Maar de wal kan het schip keren. Viktor&Rolf tekenden in de wintercollectie 2008/2009 al protest aan met hun NO-collectie. Maar ook een jonge generatie Nederlandse ontwerpers is opgestaan om tegenwicht te bieden aan de ontwikkelingen. Monique van Heist vroeg zich af “waarom een broek na twee seizoenen niet meer goed zou zijn” en komt deze maand met Hello Fashion, een collectie die geheel los staat van trends en seizoenen. Ook het jonge ontwerpersduo And Beyond laat het voorlopig bij één collectie per jaar.
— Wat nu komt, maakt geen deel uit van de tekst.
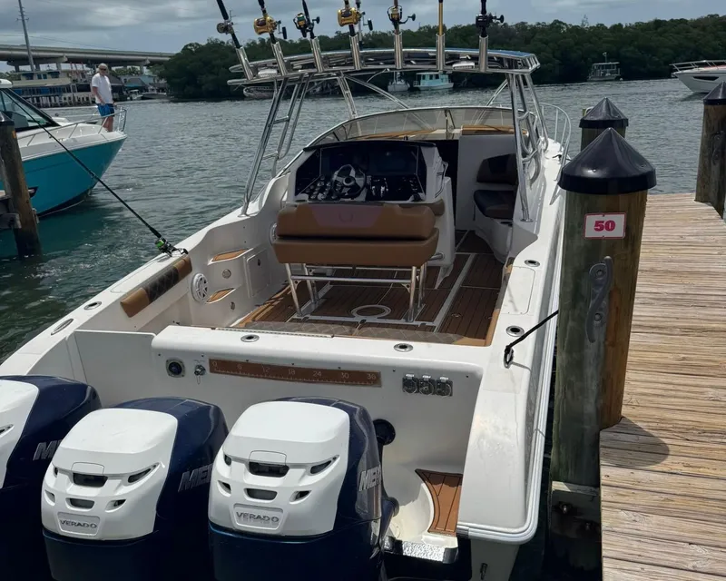 The 2006 Fountain 38 LX is designed for boating enthusiasts who seek a powerful and stylish performance boat. Ideal for those who enjoy offshore fishing, high-speed cruising, and comfortable day trips, this boat offers a blend of speed, durability, and luxury. It's perfect for experienced boaters looking for a reliable vessel that delivers both excitement on the water and ample space for family and friends. Whether you're chasing big game fish or enjoying a fast ride to your favorite destination, the Fountain 38 LX meets the demands of serious anglers and recreational boaters alike.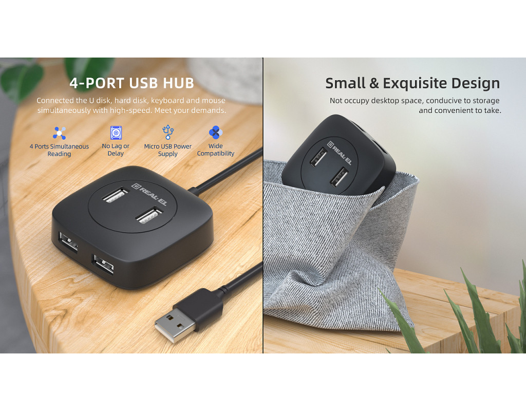USB концентратор REAL-EL HQ-177 – це ідеальне рішення для розширення можливостей підключення ваших пристроїв. Цей концентратор дозволяє збільшити кількість доступних USB портів, забезпечуючи стабільну передачу даних без втрати якості і захист від перешкод. Завдяки функції Plug and Play, він не потребує встановлення додаткових драйверів, що робить його надзвичайно зручним у використанні. Він сумісний з операційними системами Windows, Mac, Chrome та Linux, що забезпечує універсальність. Довжина кабелю становить 1,2 метра, що забезпечує зручність підключення в будь-яких випадках. REAL-EL HQ-177 оснащений чотирма портами USB 2.0, що дозволяють підключати декілька пристроїв одночасно, забезпечуючи швидкість передачі даних до 480 Мбіт/с. Компактний дизайн розміром 60 х 60 х 22 мм та вагою всього 80 грамів робить цей концентратор ідеальним для використання як вдома, так і в офісі. REAL-EL HQ-177 має роз'єм додаткового живлення для забезпечення стабільної роботи всіх підключених пристроїв. Підключіть USB концентратор REAL-EL HQ-177 до вашого комп'ютера чи ноутбука і насолоджуйтеся зручністю та ефективністю роботи з численними пристроями одночасно. |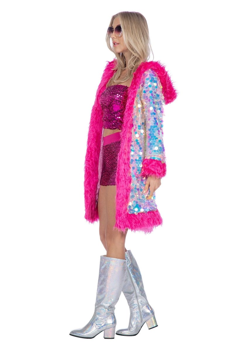 Veste holographique longue avec paillettes pour femmes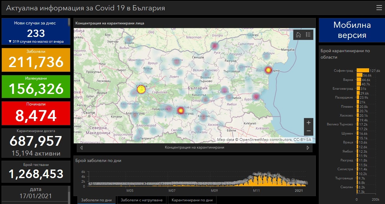 233 са новодиагностицираните с коронавирусна инфекция лица през изминалите 24 часа, което е с 319 случая по-малко от вчера. За последното денонощие са направени общо 4 628 теста, oт които 3321 са PCR, а 1307 са с бърз антигенен тест.
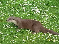 The forests are also a refuge for various predators. In particular, there are numerous species of least weasel (Mustela nivalis), European polecat (Mustela putorius), and stoat (Mustela erminea). There are stable populations Eurasian otter (Lutra lutra), red fox (Vulpes vulpes) and European pine marten (Martes martes). European badgers (Meles meles) and raccoon dogs (Nyctereutes procyonoides) are quite numerous, they displace badgers from their lairs. Similarly, under the influence of American mink (Neovison vison), the population European mink (Mustela lutreola) is slowly declining. Territory of the reserve are regularly visited by one or two Eurasian lynxes (Lynx lynx).[9]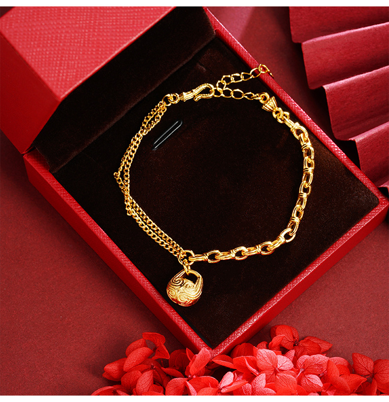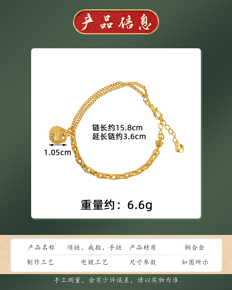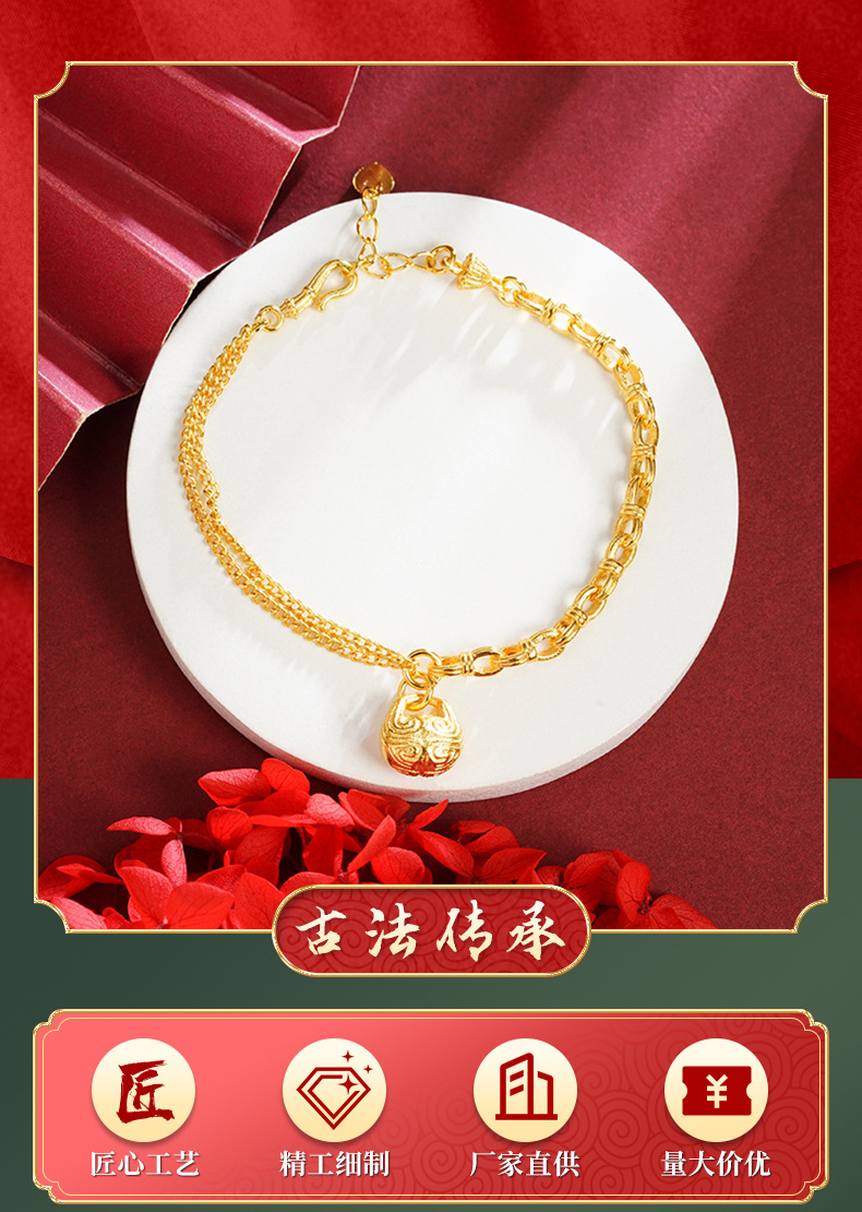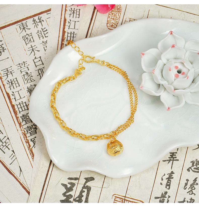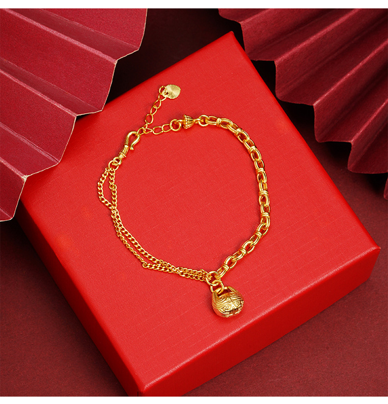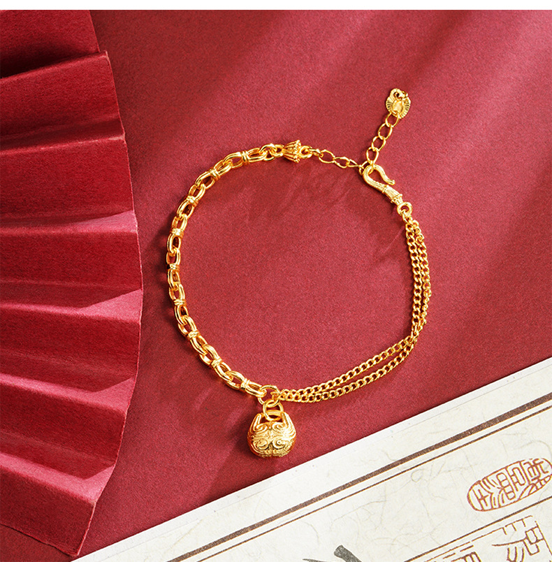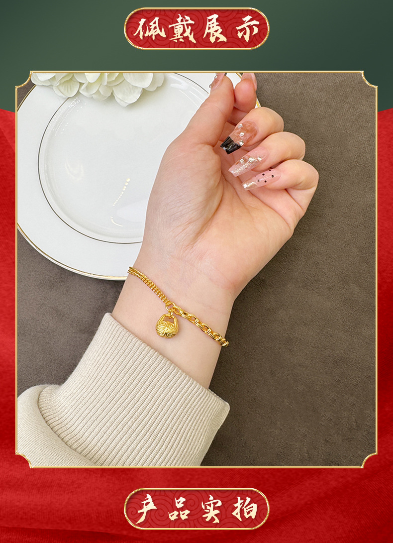 Guochao Guofa sha pulsera de oro guochao cara de pez de madera Ping An Fu pattern pulsera femenina joyería de estilo de corte al por mayor

Mode moet langer meegaan, vinden ze en stellen de waarde van een kledingstuk opnieuw ter discussie, waardoor het begrip verlangen een nieuwe invulling krijgt. In plaats van snel, veel en goedkoop, wordt het duurzaamheid en kwaliteit met doordachte ontwerpen en vakmanschap als basis. De aanstormende generatie ontwerpers laat hiermee een verfrissende kijk op mode zien. Een visie die conceptueel, onderzoekend en rebels is, precies volgens de Nederlandse vormgeverstraditie. In de jaren negentig was er Le Cri Neerlandais met exponenten als Viktor&Rolf en Alexander van Slobbe, die met dit polderhandschrift naar Parijs trokken en daar de aandacht van de internationale modepers wisten te trekken. Nu hebben we een nieuwe generatie talentvolle ontwerpers, individuen die gebaande paden links laat liggen en zich niet laten afleiden door de hysterie van de modecyclus met alle commerciële belangen die daarbij horen. Laat de crisis maar razen, lijken ze te denken, wij vinden onze weg wel.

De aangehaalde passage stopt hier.